TRABALHO DOMÉSTICO NÃO É NOVELA DE “EMPREGUETE”.

A categoria dos “domésticos” é uma das mais numerosas do país. Com a aprovação da PEC dos empregados Domésticos (Emenda Constitucional n° 72) o legislador resolveu quitar uma dívida social não dirimida na Constituição Federal de 1988, equiparando-os, em direitos, aos demais trabalhadores urbanos.
A correção deste desvio constitucional trabalhista não merece ser entendida como mera demagogia legislativa ou simples estratégia eleitoral, mas, sobretudo, como reparação de caráter social, visto que a sua exclusão da plenitude de direitos consagrados na legislação do trabalho somente encontra explicação nos tortuosos caminhos de dominação econômica, política e cultural, trilhados, historicamente, pelo Brasil.
A Emenda não representa inovação visceral nos direitos básicos dos “domésticos”, na medida em que através de outras leis promulgadas após a Constituição eles já tinham adquirido, dentre outros, o direito ao: salário mínimo, 13º salário, repouso semanal remunerado, licença maternidade, e férias de 30 dias mais 1/3.

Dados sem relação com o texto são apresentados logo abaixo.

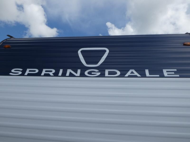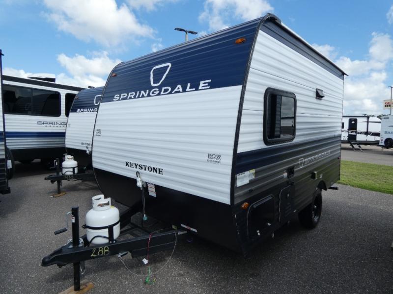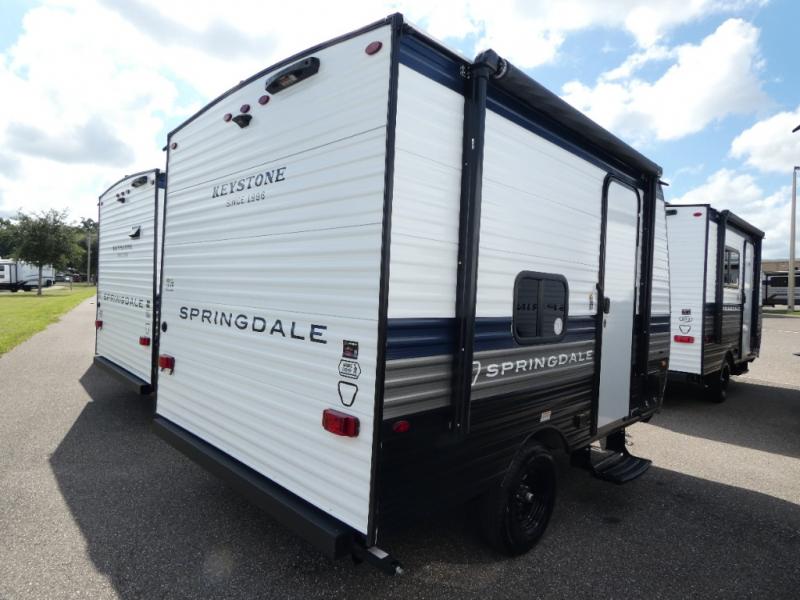 With any Springdale Mini travel trailer by Keystone, you will enjoy lightweight towing thanks to their single-axle! The AlphaPly TPO roof membrane is ultra durable, and the power awning will provide protection from the sun as you relax in your camp chairs outside. Each model includes blackout night shades, LED lighting, plus many more interior comforts. There is also a roof A/C and 20K BTU furnace to keep you comfortable, plus a tankless water heater for endless hot showers!

Agora, direitos como: FGTS obrigatório; indenização de 40% sobre o total dos depósitos na hipótese de dispensa imotivada por iniciativa do empregador; seguro desemprego, pagamento diferenciado e a maior para o trabalho noturno; e a tão comentada jornada de trabalho de 8 horas por dia, ou 44 horas por semana, com pagamento das horas extras com acréscimo de, no mínimo, 50% sobre o valor da hora normal, foram incorporados aos já existentes.
A partir de 2013 os empregados domésticos também passaram a ter garantia à proteção do salário, constituindo crime sua retenção dolosa; salário-família; redução dos riscos inerentes ao trabalho; creches e pré-escolas para filhos e dependentes até seis anos de idade; reconhecimento das normas coletivas de trabalho; seguro contra acidentes de trabalho; proibição de discriminação de salário, de função e de critério de admissão; proibição de trabalho noturno, perigoso ou insalubre aos menores de dezesseis anos; apenas para citar alguns direitos assegurados, de forma mais ampla, aos demais trabalhadores.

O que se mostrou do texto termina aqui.